- [Required action]
Find the line below with "Az Ondi Idősek Klubjának főzőcsapata." and the line with "Игорь ОРЛОВ, губернатор Архангельской области". Output exactly those lines and everything between them, leaving out the pictures.

- [Record extracts]
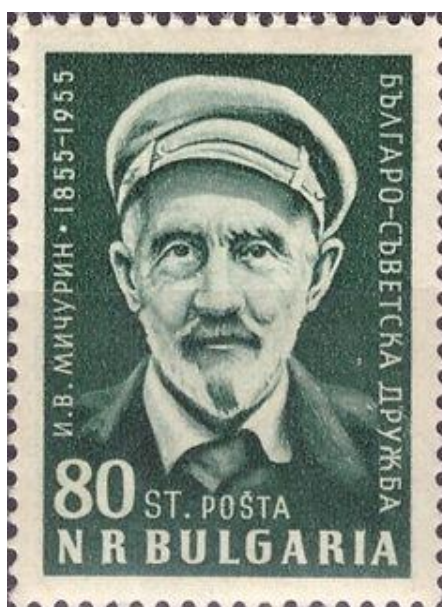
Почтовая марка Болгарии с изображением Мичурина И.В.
--
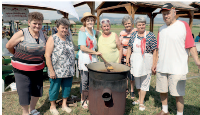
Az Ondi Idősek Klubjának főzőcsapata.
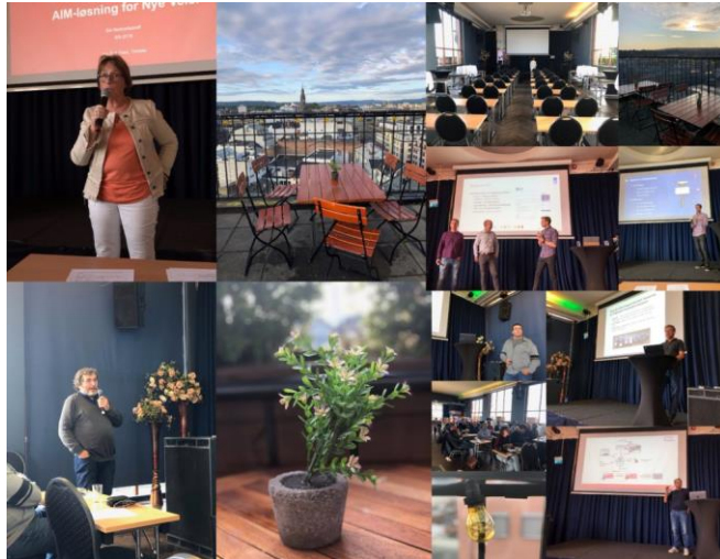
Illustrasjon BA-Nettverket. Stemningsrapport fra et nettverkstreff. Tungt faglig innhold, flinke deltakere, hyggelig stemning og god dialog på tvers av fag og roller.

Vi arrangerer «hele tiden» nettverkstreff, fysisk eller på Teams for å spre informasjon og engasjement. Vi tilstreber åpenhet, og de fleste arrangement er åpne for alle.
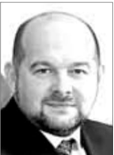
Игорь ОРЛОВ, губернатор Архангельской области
---
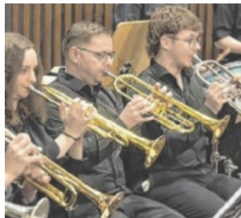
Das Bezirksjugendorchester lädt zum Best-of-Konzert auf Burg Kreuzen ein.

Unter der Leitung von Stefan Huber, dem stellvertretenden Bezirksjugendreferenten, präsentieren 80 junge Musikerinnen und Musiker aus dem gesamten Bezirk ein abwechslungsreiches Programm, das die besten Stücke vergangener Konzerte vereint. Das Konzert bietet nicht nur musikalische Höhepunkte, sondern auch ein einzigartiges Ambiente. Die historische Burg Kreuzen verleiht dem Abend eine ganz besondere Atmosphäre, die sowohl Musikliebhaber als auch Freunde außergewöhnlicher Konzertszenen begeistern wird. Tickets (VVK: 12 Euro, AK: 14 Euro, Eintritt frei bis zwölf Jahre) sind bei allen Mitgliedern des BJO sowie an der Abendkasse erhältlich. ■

- [Exercise output]
Az Ondi Idősek Klubjának főzőcsapata.
Illustrasjon BA-Nettverket. Stemningsrapport fra et nettverkstreff. Tungt faglig innhold, flinke deltakere, hyggelig stemning og god dialog på tvers av fag og roller.

Vi arrangerer «hele tiden» nettverkstreff, fysisk eller på Teams for å spre informasjon og engasjement. Vi tilstreber åpenhet, og de fleste arrangement er åpne for alle.
Игорь ОРЛОВ, губернатор Архангельской области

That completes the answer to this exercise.